We all had before. This is mostly for dealing with the USM type companies. When you sign a deal with them and they want you to invoice them every month to get your money ,why? You have a deal with them ,it states price,and how many months it to be paid over. So why do they need an invoice? It should be setup at the beginning of the season and a check is cut to you each month. I know, they want to F with you and hold your money!


----------



## thelettuceman (Nov 23, 2010)

You an answered your question in the last sentence of your posting !!


----------



## Stik208 (Oct 19, 2004)

thelettuceman;1239644 said:


> You an answered your question in the last sentence of your posting !!


I believe it is a rhetorical question.


----------



## fci (Sep 7, 2008)

When you call up a company "X" to get paid they say we lost your invoice or insurance please resend. Just a way they hold your money as long as they can. How about when your contract says you are to be paid on the 15 Th of the month. What that means is you should get your check by the 30 Th of the month. 30 day pay means 45 day.


----------



## jklawn&Plow (Jan 8, 2011)

There's always a few bad apples, eventually they will only get paid in full option,


----------



## Plow Babe (Feb 4, 2003)

I may not understand your question.

Invoicing is standard accounting practice. We have seasonal contracts, and I send invoices each month. In my business experience, almost all companies invoice to get paid. Just scanning my list of payables, even if we have a flat rate agreement to pay someone, they still send me a monthly invoice. Invoicing also makes it easier for me to track and project my receivables, it's just an accounting thing.
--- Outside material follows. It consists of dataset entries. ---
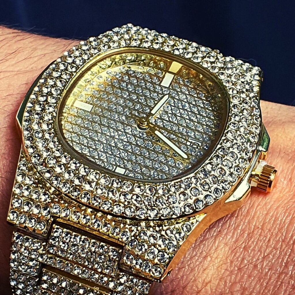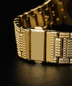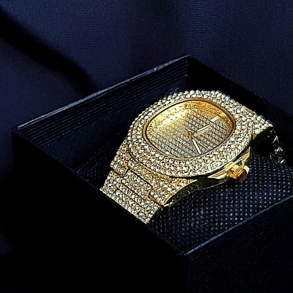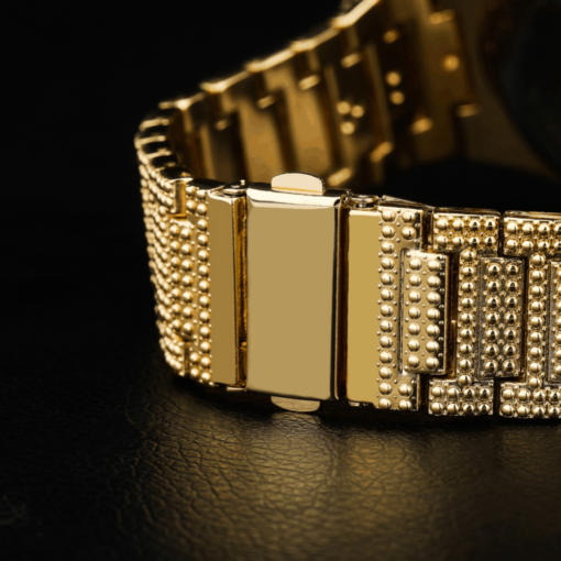 С красиво златисто покритие и декориран със страхотни скъпоценни камъни, този златист часовник е изключително произведение на изкуството.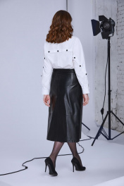 Юбка длины midi из эко кожи. Силуэт трапеция, застежка спереди на цельнокроеную планку на петли и пуговицы. На талии пояс, также с пуговицей спереди. Спереди по бокам прорезные наклонные карманы с металлическими молниями и двойной отделочной строчкой. В области колена на юбке подрез с двойной отстрочкой. Юбка на отлетной подкладке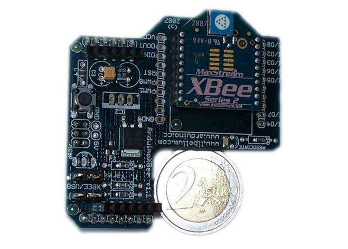 Xbee wireless communication can be easily added to an Arduino Duemilanove USB board or Mega with this shield and on-board Digi (formally MaxStream) Zigbee XBee module capable of 30m indoors or 90m outdoors.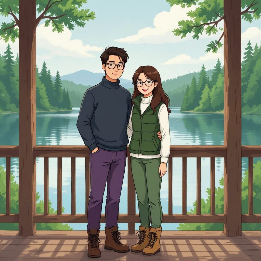 This image shows a couple on a wooden deck by a tranquil lake, encircled by lush trees, in a Studio Ghibli-inspired style. The scene evokes a serene and magical atmosphere.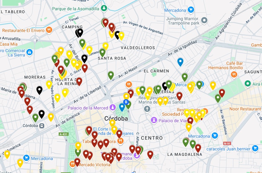 En primer lugar, el alumnado ha realizado una investigación sobre los diferentes tipos de barreras arquitectónicas que podemos encontrarnos, para posteriormente realizar un mapeo digital a través de la herramienta My Maps de Google. En este proceso, se han señalado y clasificado diferentes tipos de barreras en cuatro zonas concretas de la ciudad: Huerta de la Reina, Santa Rosa – Valdeolleros, Ollerías – San Agustín y el Centro de Córdoba hasta San Lorenzo.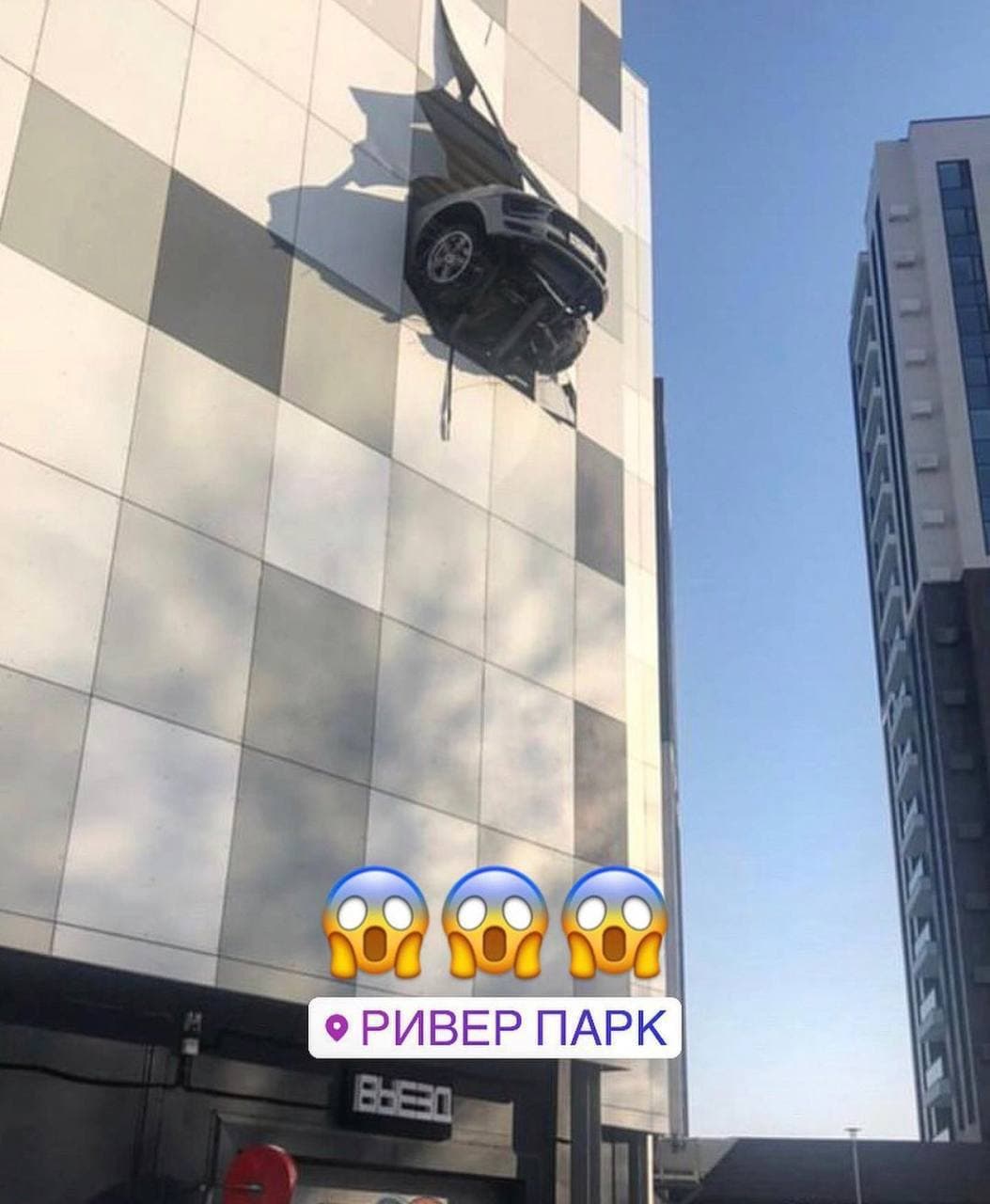 Российский хоккеист Денис Казионов, находясь за рулем своего автомобиля Porshe, пробил крышу паркинга в Москве, в результате чего машина повисла в воздухе на высоте третьего этажа.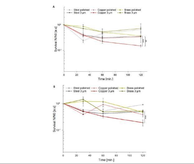 圖4、A)A.niger野生型N402孢子和B)A.niger色素沉著突變菌株(MA 93.1)在與相應(yīng)的功能化表面接觸30、60和120分鐘后的存活數(shù)據(jù)。存活分?jǐn)?shù)(N/N0)是相對(duì)于未暴露的孢子計(jì)算的(與金屬表面沒有任何接觸的初始孢子濃度)。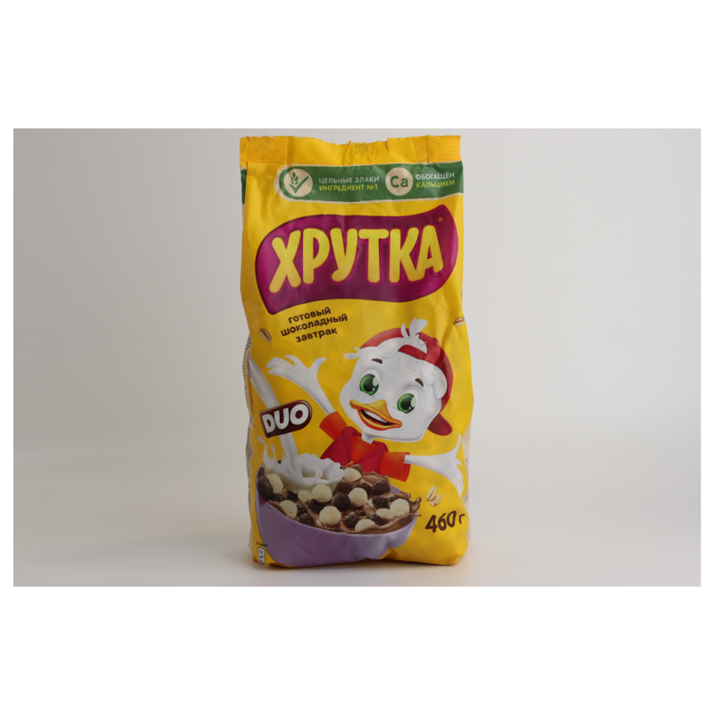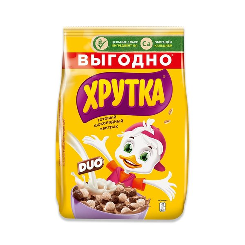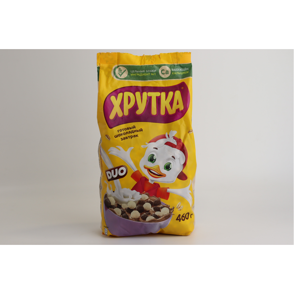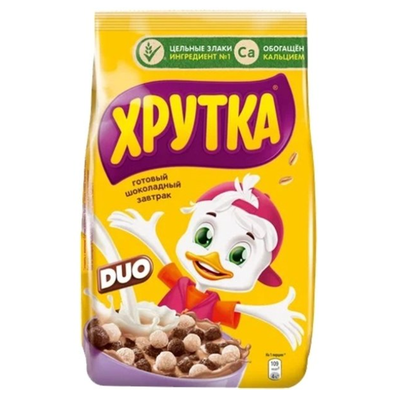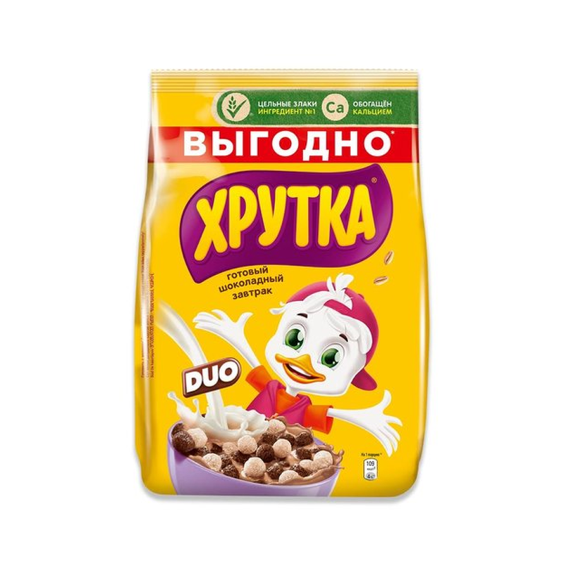Сухие завтраки Хрутка Duo Шоколадный представляют собой вкусные и полезные продукты для завтрака. Они состоят из муки пшеницы, шоколадного порошка, сахара, масла растительного происхождения и других ингредиентов. Они имеют приятный шоколадный вкус и приятную ароматную ароматику. Вес одной упаковки составляет 650 г амм.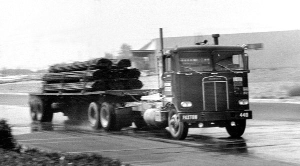 TRUCKS SHOOTING THE TUBE Words and Photos by Truck Historian/Author Stan Holtzman Pictured here, cruising down Tube Way in Commerce, California is a late model 1950s or early 1960s Kenworth cab-over owned by Paxton Truck Lines of Montebello. For over 30 years, the dark green Paxton rigs were seen hauling steel and related commodities all over California and in the nearby Western states. Paxton’s yard, in the late 1950s through the 1970s, was located on Greenwood Avenue (like so many others in trucking), just north of Anaheim-Telegraph Road. The fleet of Paxton tractors consisted of Kenworths, Peterbilts, Autocars and White-Freightliners. The company also had some leased rigs that hung the Paxton sign on the doors of their trucks. I don’t know if deregulation or organized labor had anything to do with the demise of Paxton, but they have been gone from the trucking scene for over 20 years now. If any of you old timers out there that can tell me what happened to Paxton Truck Lines, I’d love to hear from you. Please contact me through the magazine by calling 1-888-440-4104. |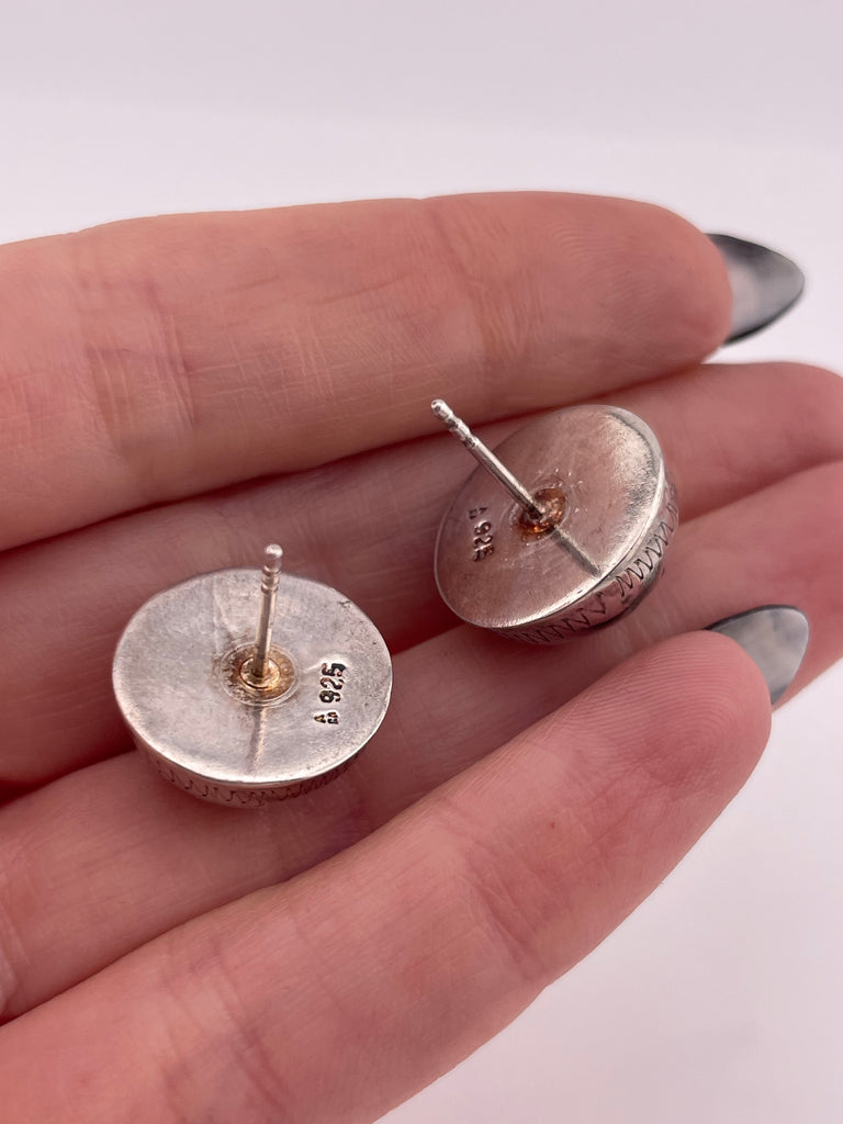 sterling silver etched dome post earrings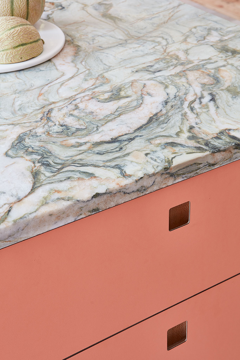 While the couple always knew they wanted to go with green for their kitchen, they were keen to choose a paler, yellower laminate. But Glaiser pushed them toward Pluck’s Brockwell Moss, a shade with gray undertones, and Ritzy, a peachy pink, for a tried-and-true contrast—they sit on opposite ends of the color wheel as close cousins of basic red and green. “While the colors in this kitchen are bold, they also follow the classic rules of color theory,” says Glaiser. “That’s why the combination works.”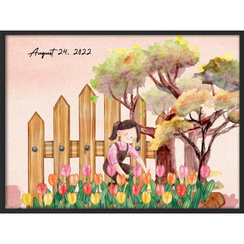 1 kép Falikép - Kislány a kertben, felirattal (videóvetítő opcióval)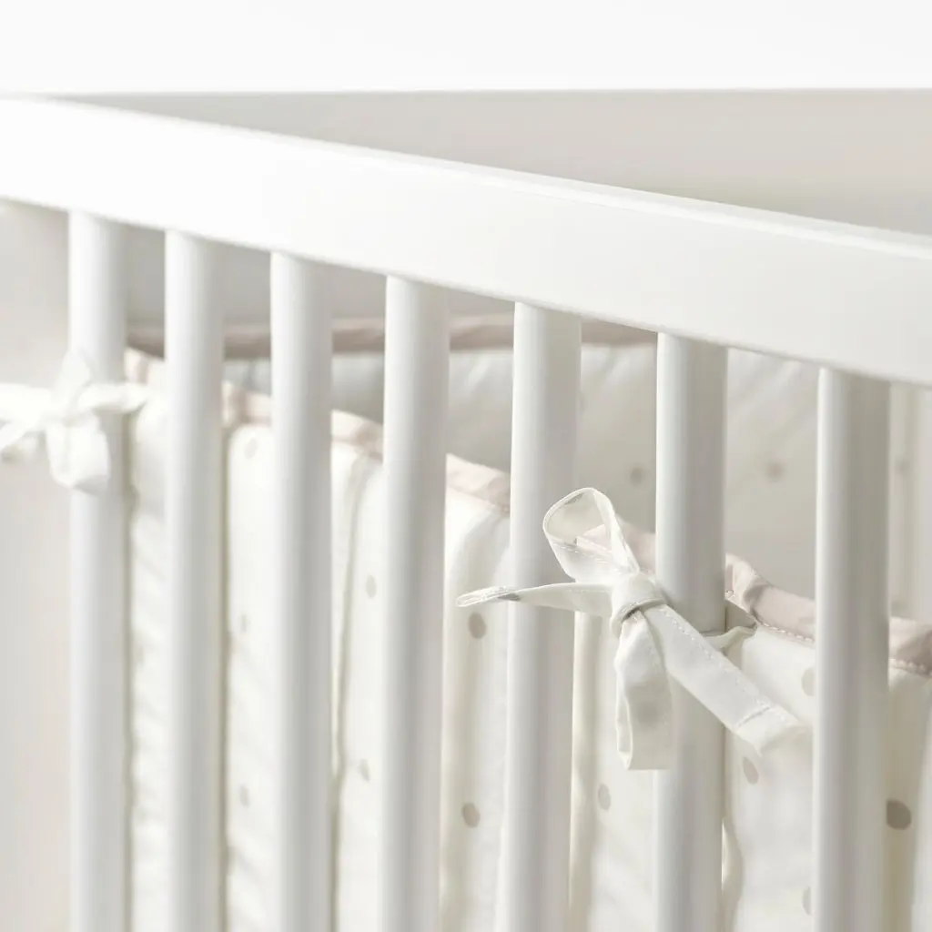 Благодаря мягкому бортику малыш не ударится о перекладины боковин кроватки. Застежки надежно фиксируют бортик в кроватке.

If a customer is going to delay or withhold payment, they will do it regardless of whether or not they have an invoice, they'll find some excuse or other.


----------



## grandview (Oct 9, 2005)

I understand about the invoicing of customers.I just mean more so for maintenance companies. You sign their contact which has the terms of payment. So why can't they just enter the amount of money for x amount of months and the check get cut on the 30-45th day


----------



## JD Dave (Mar 20, 2007)

Look at it from the other side. I don't pay bills unless someone send me an invoice. I use to send cheques out without invoices and it was like pulling teeth to get a receipt.


----------



## grandview (Oct 9, 2005)

Yes agree JD. But the check was cashed so would that be good enough as a receipt?


----------



## paponte (Oct 28, 2003)

I often wonder the same, especially with maintenance like you suggested. One thing that helps me out a bit but is not bulletproof. I offered several payment options to the client one being a season total divided by eight equal payments, due on the first of every month. It clearly states we will not send an invoice. While it works for residential, most commercial clients will NOT pay anything unless they have an invoice... not a statement an invoice. That's another thing that bugs me. Invoice vs. statement.


----------



## jklawn&Plow (Jan 8, 2011)

For lawns I offer Full pay, 3 pay, 6 pay. I tack on $12-16 for the 3 payment plan and another $12-16 for the 6. Its all on the contract. and currently I copy the contract and send out as an invoice ( there is "office use only" section at bottom of contract for invoice record)

For plowing they pay full or twice. Same setup though. 2nd payment is due on my birthday and better not be late. They all get good service no big deal I just send "2nd notice" and write "I didn't get the 2nd check yet"


----------